> [MATERIAL FOR THIS TASK]
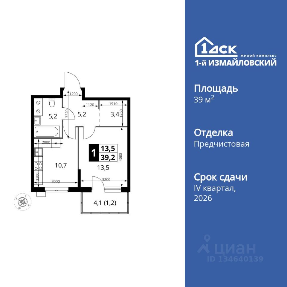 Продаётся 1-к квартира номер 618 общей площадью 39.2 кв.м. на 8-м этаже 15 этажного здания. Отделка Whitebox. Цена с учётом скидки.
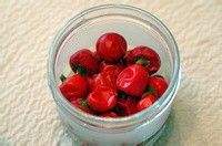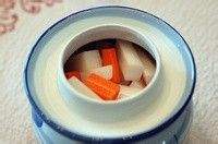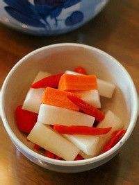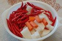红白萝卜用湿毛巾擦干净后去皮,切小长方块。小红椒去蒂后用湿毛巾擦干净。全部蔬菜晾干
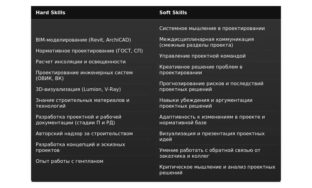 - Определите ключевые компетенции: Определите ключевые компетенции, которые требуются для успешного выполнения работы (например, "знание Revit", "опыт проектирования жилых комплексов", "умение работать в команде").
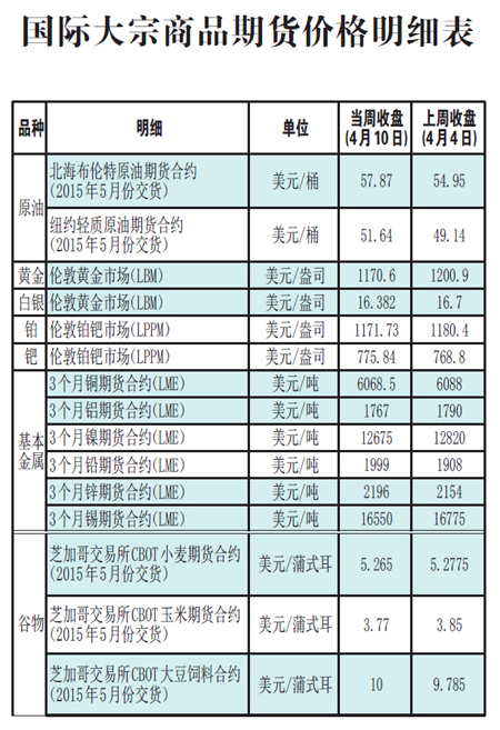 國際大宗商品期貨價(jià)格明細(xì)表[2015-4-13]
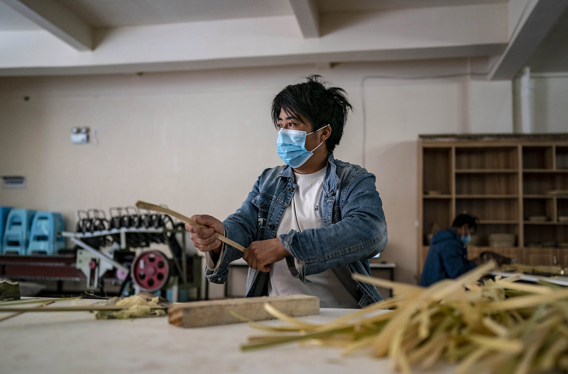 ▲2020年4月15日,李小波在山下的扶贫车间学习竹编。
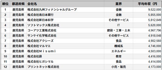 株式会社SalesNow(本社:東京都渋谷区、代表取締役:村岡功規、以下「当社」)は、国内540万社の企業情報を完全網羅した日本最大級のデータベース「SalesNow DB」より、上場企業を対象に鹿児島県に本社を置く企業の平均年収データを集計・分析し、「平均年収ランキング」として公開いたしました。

--

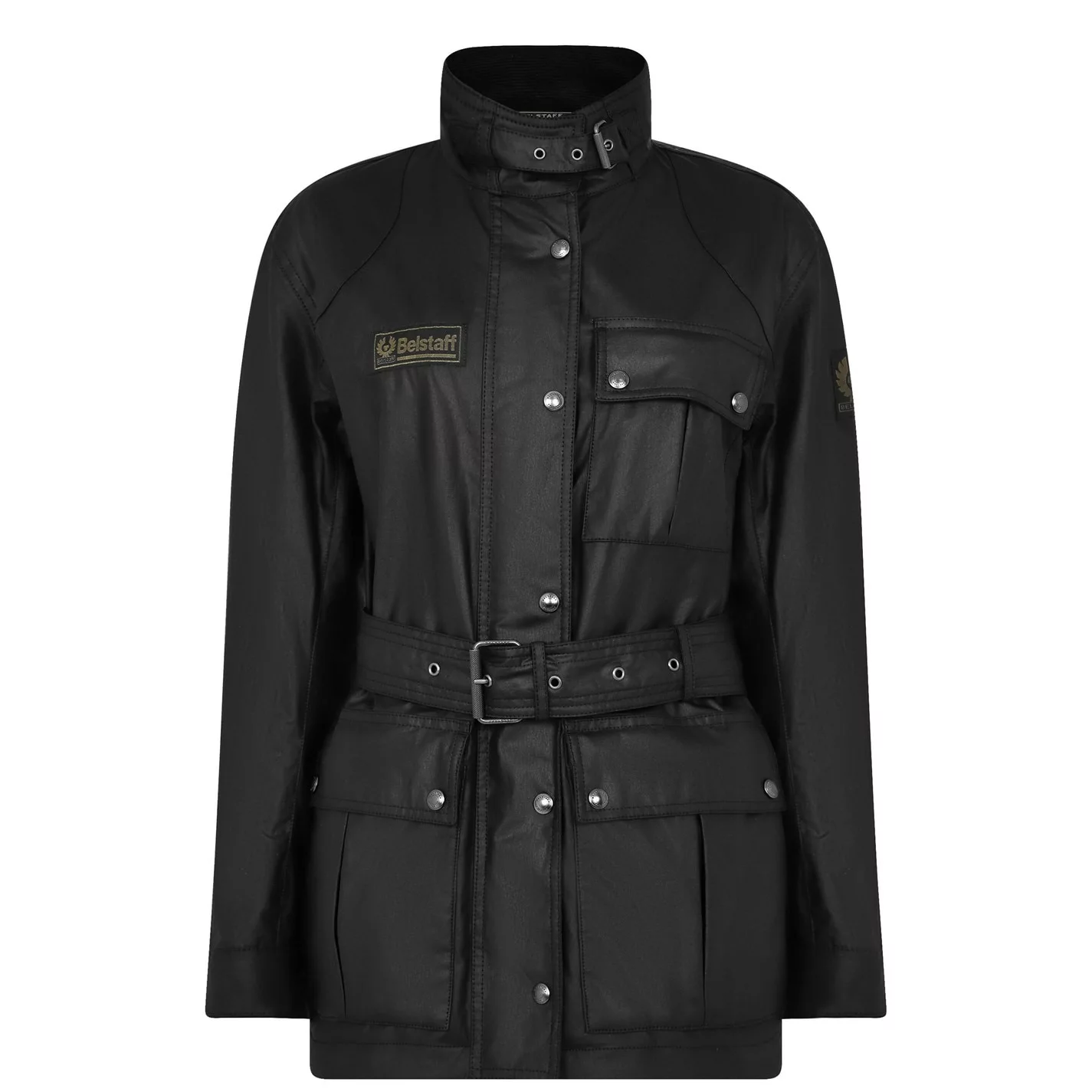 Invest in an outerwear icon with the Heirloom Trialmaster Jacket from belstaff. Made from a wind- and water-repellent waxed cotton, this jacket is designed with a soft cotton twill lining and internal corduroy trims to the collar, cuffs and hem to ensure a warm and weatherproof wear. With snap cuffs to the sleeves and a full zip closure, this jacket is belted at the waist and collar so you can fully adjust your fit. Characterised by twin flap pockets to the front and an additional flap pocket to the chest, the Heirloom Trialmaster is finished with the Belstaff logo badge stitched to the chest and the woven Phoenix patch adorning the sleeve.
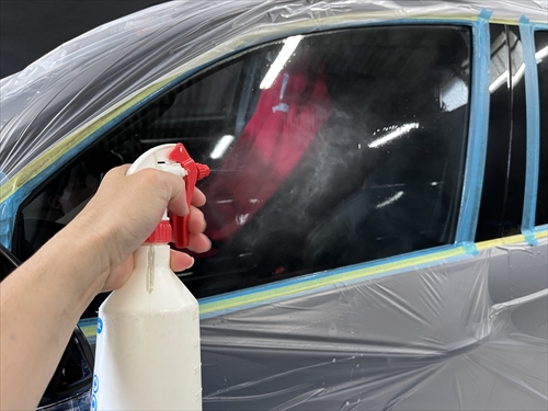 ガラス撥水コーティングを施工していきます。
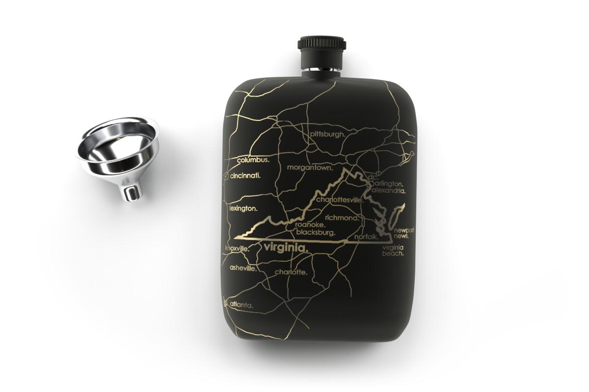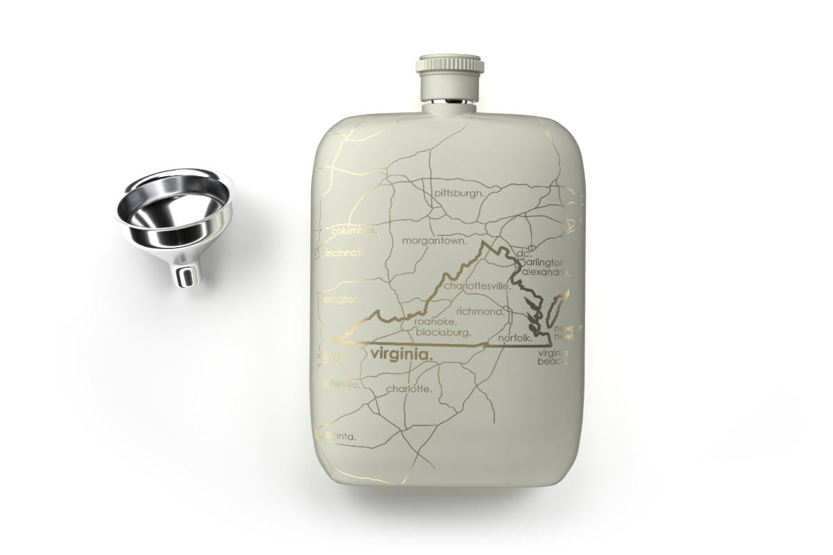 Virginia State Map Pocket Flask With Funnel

==

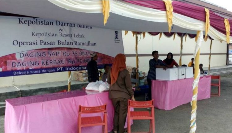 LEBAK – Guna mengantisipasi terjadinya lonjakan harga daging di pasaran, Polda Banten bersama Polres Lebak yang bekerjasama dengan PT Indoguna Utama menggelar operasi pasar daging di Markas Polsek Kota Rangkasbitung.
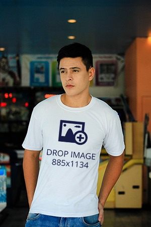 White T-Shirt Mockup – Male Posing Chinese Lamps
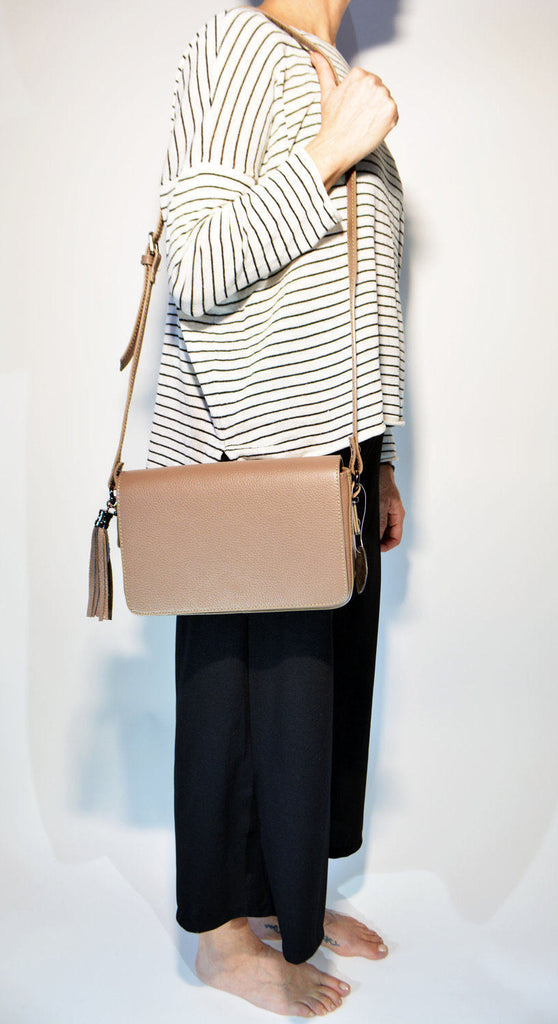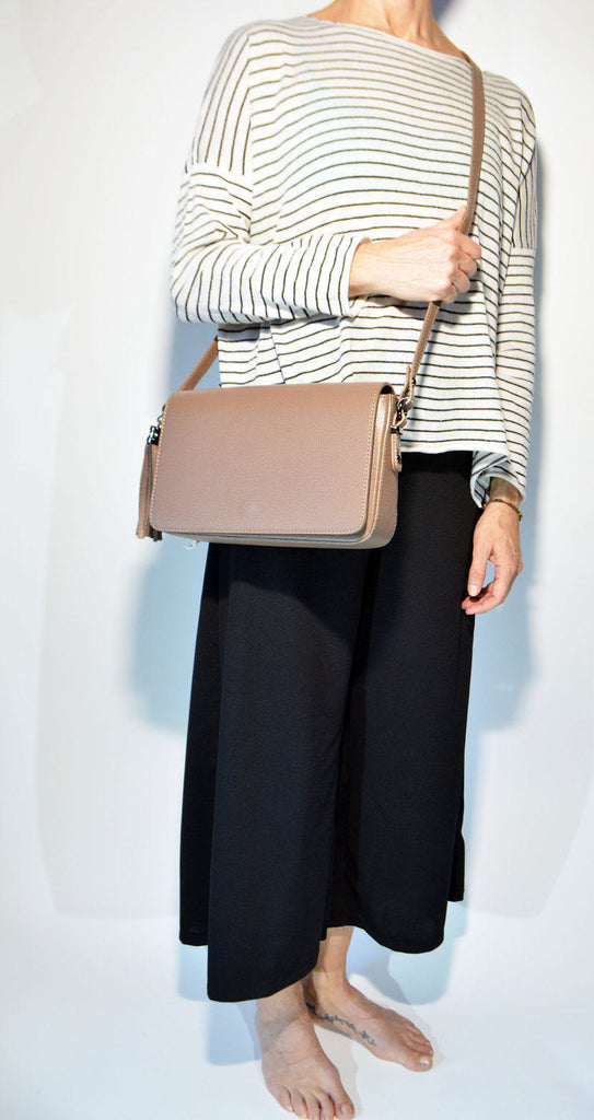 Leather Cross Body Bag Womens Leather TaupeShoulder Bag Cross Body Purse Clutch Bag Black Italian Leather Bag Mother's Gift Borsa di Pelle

> [TASK TO CARRY OUT]
Return word for word the lines of the listing above, starting at the line with "Продаётся 1-к квартира" and ending at the line with "株式会社SalesNow(本", both included. Pictures do not belong in the copy.

> [TASK OUTPUT]
 Продаётся 1-к квартира номер 618 общей площадью 39.2 кв.м. на 8-м этаже 15 этажного здания. Отделка Whitebox. Цена с учётом скидки.
红白萝卜用湿毛巾擦干净后去皮,切小长方块。小红椒去蒂后用湿毛巾擦干净。全部蔬菜晾干
 - Определите ключевые компетенции: Определите ключевые компетенции, которые требуются для успешного выполнения работы (например, "знание Revit", "опыт проектирования жилых комплексов", "умение работать в команде").
 國際大宗商品期貨價(jià)格明細(xì)表[2015-4-13]
 ▲2020年4月15日,李小波在山下的扶贫车间学习竹编。
 株式会社SalesNow(本社:東京都渋谷区、代表取締役:村岡功規、以下「当社」)は、国内540万社の企業情報を完全網羅した日本最大級のデータベース「SalesNow DB」より、上場企業を対象に鹿児島県に本社を置く企業の平均年収データを集計・分析し、「平均年収ランキング」として公開いたしました。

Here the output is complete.